January 6, 2023 at 3:00 PM - 5:00 PM
The last decade has witnessed a proliferation of legged machines with high power and force densities, as well as a commensurate development of locomotion controllers which achieve impressive empirical demonstrations. Yet, despite showing promise as a means of navigating rough terrain, these machines – and the locomotion controllers which animate them – are still restricted to practical applications where interactions with complex and broken terrain can be avoided or where such features are absent altogether, in spite of the fact these interactions are what distinguish legged platforms from their tracked and wheeled counterparts. Indeed, mastering locomotion over difficult terrain has long been the aim of legged robotics research, and requires the development of controllers which enable a specific machine to interact with and overcome obstacles in a given environment. Recently, state-of-the-art design methods for locomotion controllers have sought to meet this challenge by relying on accurate modeling of the platform, detailed descriptions of the environment, and a preconceived plan as to how the obstacles will be overcome.
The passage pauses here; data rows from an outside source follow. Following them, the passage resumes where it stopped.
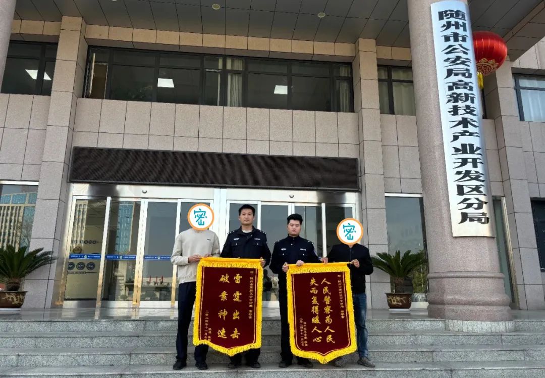 11月7日,来自浙江省台州市的个体户康先生将一面印有“人民警察为人民,失而复得暖人心”字样的锦旗送到随州高新区公安分局刑侦大队民警手中。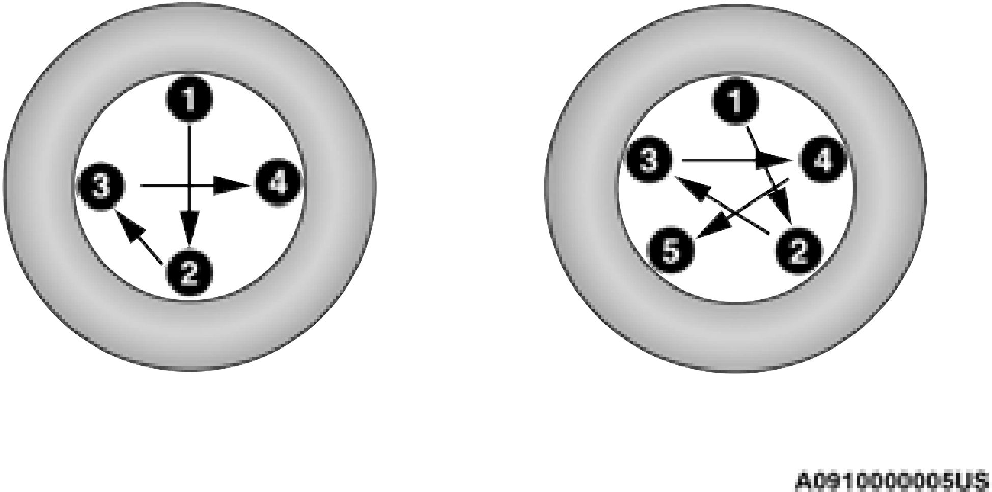 Tighten the lug nuts/bolts in a star pattern until each nut/bolt has been tightened twice. Ensure that the socket is fully engaged on the lug nut/ bolt (do not insert it half way).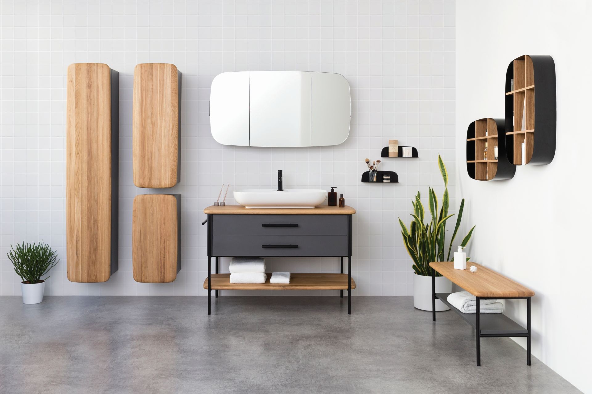 Meble łazienkowe OVAL wyróżnia charakterystyczna dla projektantów, minimalistyczna forma. To dobrze wyważona mieszanka stylu skandynawskiego i loftowego, przykuwająca uwagę subtelnymi opływowymi kształtami. Zastosowano tu naturalne materiały: olejowane drewno oraz malowaną proszkowo stal, dzięki czemu rodzina mebli zyskała ponadczasowy charakter. To propozycja dla ceniących jakość wykonania i niebanalne połączenia.

Often, many of these required data are acquired during design time, and therefore may not be readily applicable to experimental settings which can vary greatly from a designer’s anticipated description. To obtain locomotion behaviors which are broadly applicable across platform, task, and environment, the controllers which constitute them must be synthesized at run time; both to directly utilize environmental features, as well as respond to stimuli and disturbances – all of which are unknown a priori. A much more general framework for producing locomotion behavior is therefore required; one that can be applied to a broad range of machines and in a broad range of environments, and must possess metrics which allow for the evaluation of the applicability of the behavior in nearly real-time.
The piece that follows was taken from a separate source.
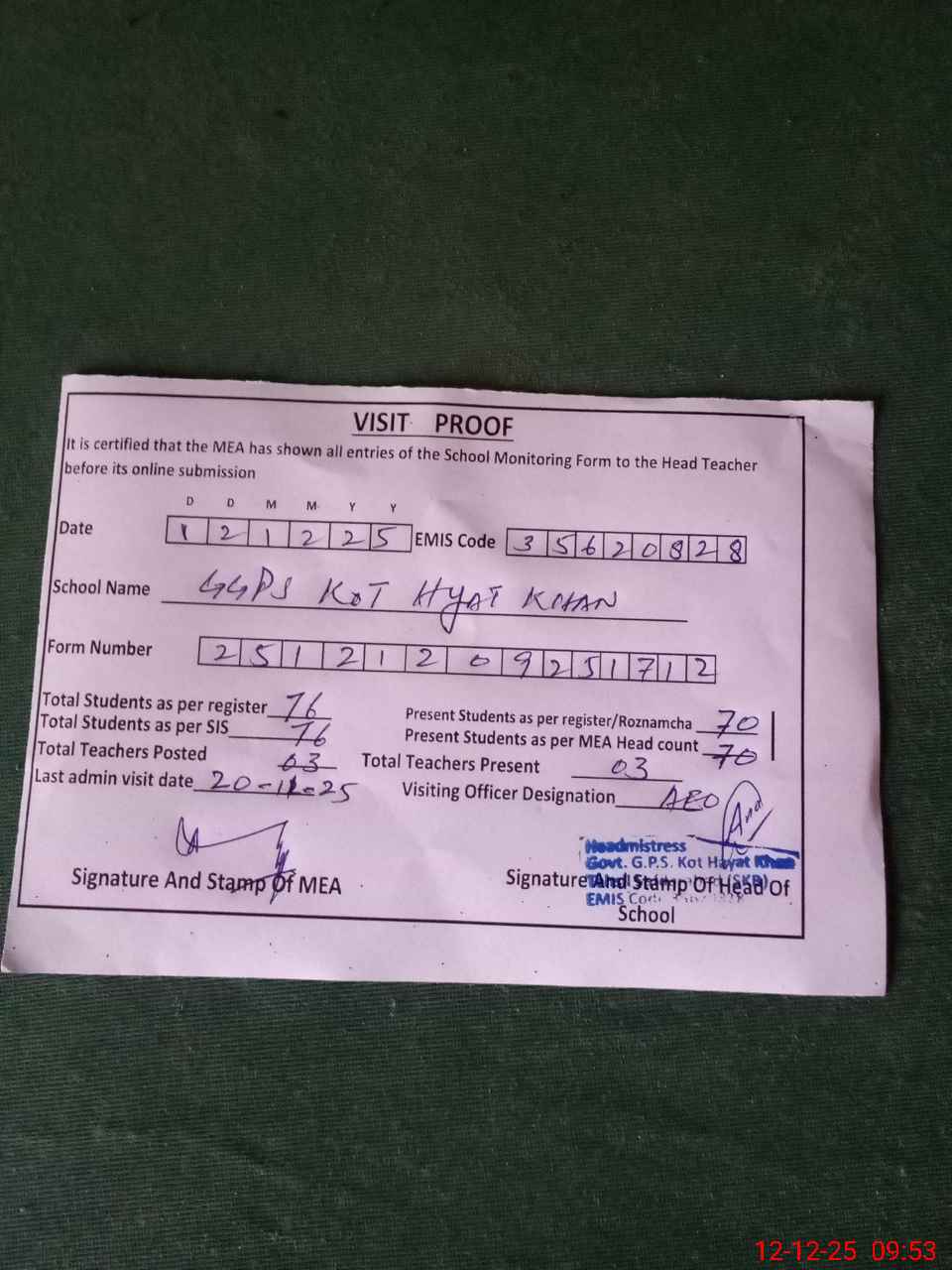 | Attendance Register | Head Teacher | MEA with School | Visit Proof |

This thesis work begins the development of behavioral synthesis tools that are generalizable, and that enable the generation of agile and flexible behaviors from a predefined set of composable constituent “symbols”. In turn, these symbols can be tuned and adapted to suit a wide variety of platforms, environments, and tasks. By taking well-established notions of template dynamics Full and Koditschek (1999), sequential compositional techniques Burridge et al. (1999), and parallel compositional techniques pioneered by De and Koditschek (2015), a set of template “letters” which can be composed in parallel are identified, and then combined to form parallel composition “syllables”. These syllables are then assembled sequentially to form behavior “words”, which can be flexibly applied in a wide variety of situations. The utility of these synthesized behaviors is augmented further by making use of an “Extended Ground Reaction Complex” (EGRC) Topping et al. (2017) which provides a simplified representation of the salient features in an environment so that they can be explicitly targeted during behavior design and incorporated into the synthesized actions.
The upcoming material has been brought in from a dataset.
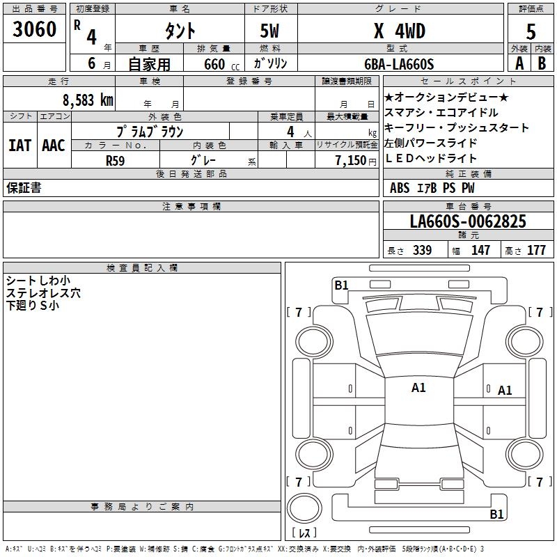 DAIHATSU TANTO X 4WD - лот 3060

In all, this thesis seeks to offer a valuable and flexible set of tools to the robotic behavior designer. The empirical evidence and conceptual insight presented here offers a companion to the state-of-the-art used in legged locomotion today; offering a simple, flexible, and reusable option to aid in locomotion controller design, and beginning to lay the foundation of a symbolic representation of legged behaviors.
T. Turner Topping
ESE Ph.D. Candidate
T. Turner Topping is currently pursuing a PhD in the Department of Electrical and Systems Engineering (ESE) at the University of Pennsylvania under the advisement of Professor Daniel E. Koditschek. He completed a B.S. in Electrical Engineering as well as a M.S. in Electrical Engineering at the University of Southern California in 2014. He has focused his research efforts on dynamic transitional behaviors for legged robots, as well as the development of modular primitives for robotic behavioral construction.